> _TASK DESCRIPTION_:
Within the records that follow, restate exactly the lines from the line with "このブラシセットは、10種類" down to the line with "नैनीताल:::- ऑल सेंट्स", including both. Omit the pictures.

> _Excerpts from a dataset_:
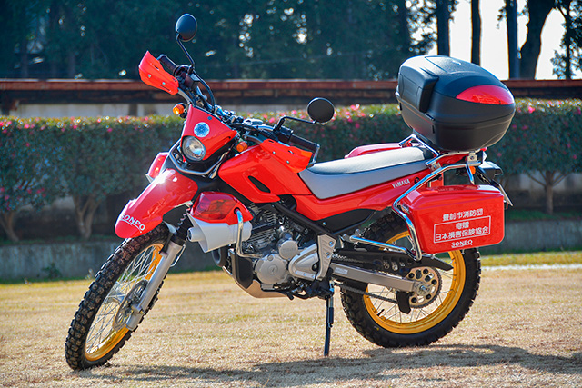 日本損害保険協会の寄贈用機材として「セロー250」ベースの「消防活動二輪車」が
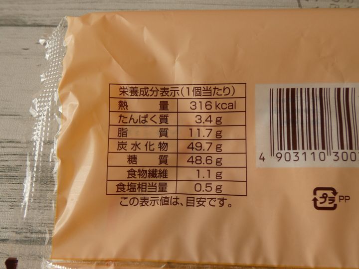栄養成分表示を見ると1個のエネルギーは316kcal。
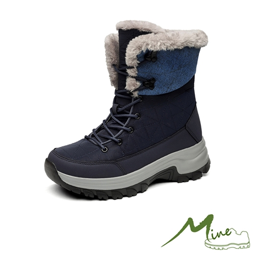 保暖機能個性潮流拼接戶外雪地靴 藍*MINE* |
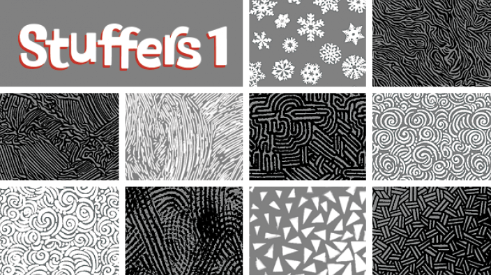 このブラシセットは、10種類のテクスチャブラシを提供します。私はスパイラルブラシを使用して、シェルの外側にテクスチャを追加し、漫画スタイルの降雪にスノーフレークブラシを追加するのが好きです。
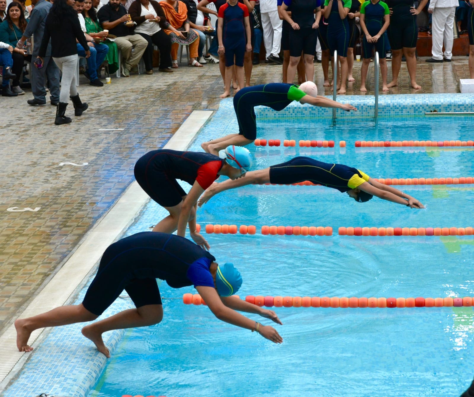 नैनीताल:::- ऑल सेंट्स कॉलेज में 17वाँ वार्षिक एक्वेटिक मीट बड़े उत्साह के साथ शुक्रवार को सम्पन्न हुआ। छात्राओं ने फ्री स्टाइल, बैक स्ट्रोक, बटरफ्लाई स्ट्रोक और ब्रैस्ट स्ट्रोक जैसी प्रतियोगिताओं में शानदार प्रदर्शन कर अपनी प्रतिभा का परिचय दिया। जिसमें कक्षा 1 और 2 के नन्हे-मुन्ने छात्रों ने लाइफ जैकेट रेस में भाग लेकर कार्यक्रम में विशेष आकर्षण जोड़ा।
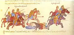 - ↑ Jean Skylitzès considère Sphangel ou Sphengel comme étant le commandant en second suivi de Ikmor alors que Léon le Diacre inverse ces deux positions. Ikmor fut tué au cours d’une bataille devant Dorostolon. On identifie généralement Sphangel avec le Sveneld de la Chronique des temps passés. Les chroniqueurs grecs affirment aussi que Sphangel fut tué à Dorostolon, alors que la Chronique des temps passés affirme que celui-ci survécut à la guerre ainsi qu’à l’embuscade qui suivit et qui couta la vie à Sviatoslav
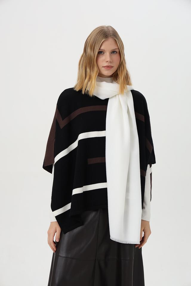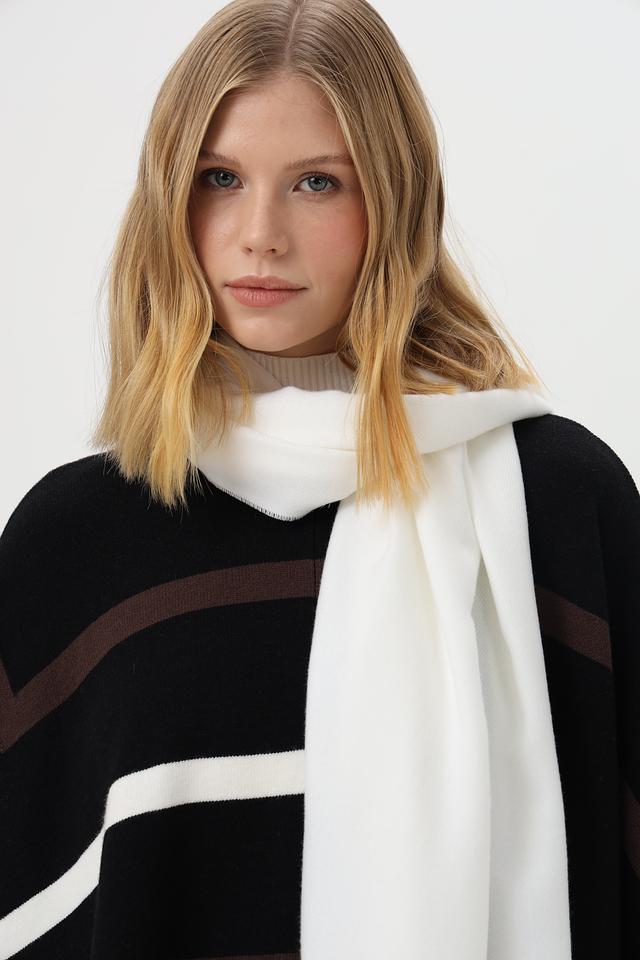 Шарф имеет прямоугольную форму и выполнен из высококачественной смеси шерсти (30%), полиамида (25%) и полиэстера (45%). Такое сочетание материалов обеспечивает мягкость, тепло и долговечность изделия.
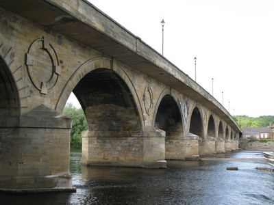 The stone bridge spans the River Tyne with nine segmental arches, connecting the town of Hexham to the North Tyne valley through its main thoroughfare.
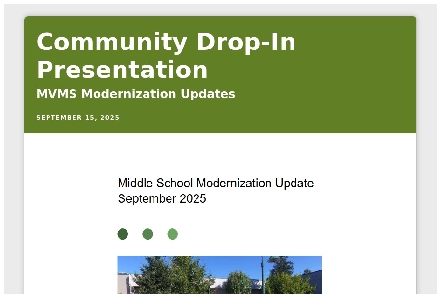 Community Drop-In Presentation MVMS Modernization Updates September 15, 2025 You're Invited to Learn More Superintendent Elizabeth Kaufman and the di. . .
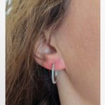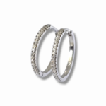 Сребърни обеци тип халки. Предната страна е с цирконии, а задната част е изчистено сребро.
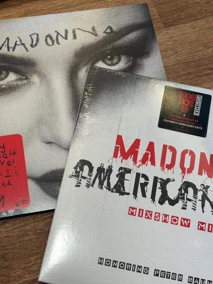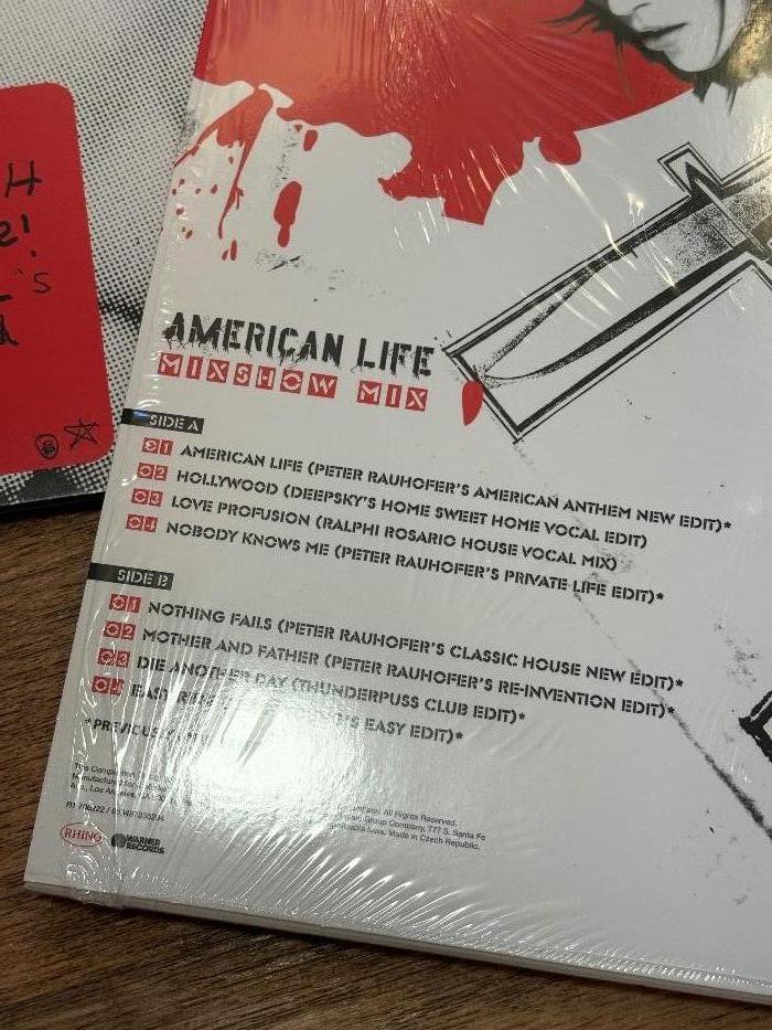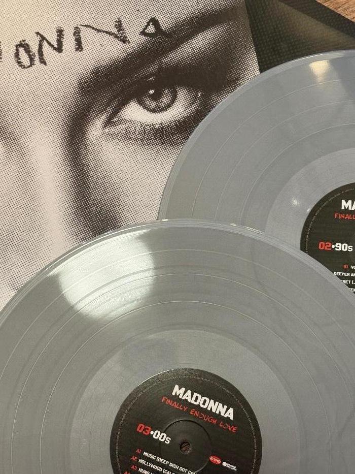 Double silver vinyl copy of Finally Enough Love, compilation album, plus American Life remixes RSD 12” single.

> _ANSWER BOX_:
 このブラシセットは、10種類のテクスチャブラシを提供します。私はスパイラルブラシを使用して、シェルの外側にテクスチャを追加し、漫画スタイルの降雪にスノーフレークブラシを追加するのが好きです。
 नैनीताल:::- ऑल सेंट्स कॉलेज में 17वाँ वार्षिक एक्वेटिक मीट बड़े उत्साह के साथ शुक्रवार को सम्पन्न हुआ। छात्राओं ने फ्री स्टाइल, बैक स्ट्रोक, बटरफ्लाई स्ट्रोक और ब्रैस्ट स्ट्रोक जैसी प्रतियोगिताओं में शानदार प्रदर्शन कर अपनी प्रतिभा का परिचय दिया। जिसमें कक्षा 1 और 2 के नन्हे-मुन्ने छात्रों ने लाइफ जैकेट रेस में भाग लेकर कार्यक्रम में विशेष आकर्षण जोड़ा।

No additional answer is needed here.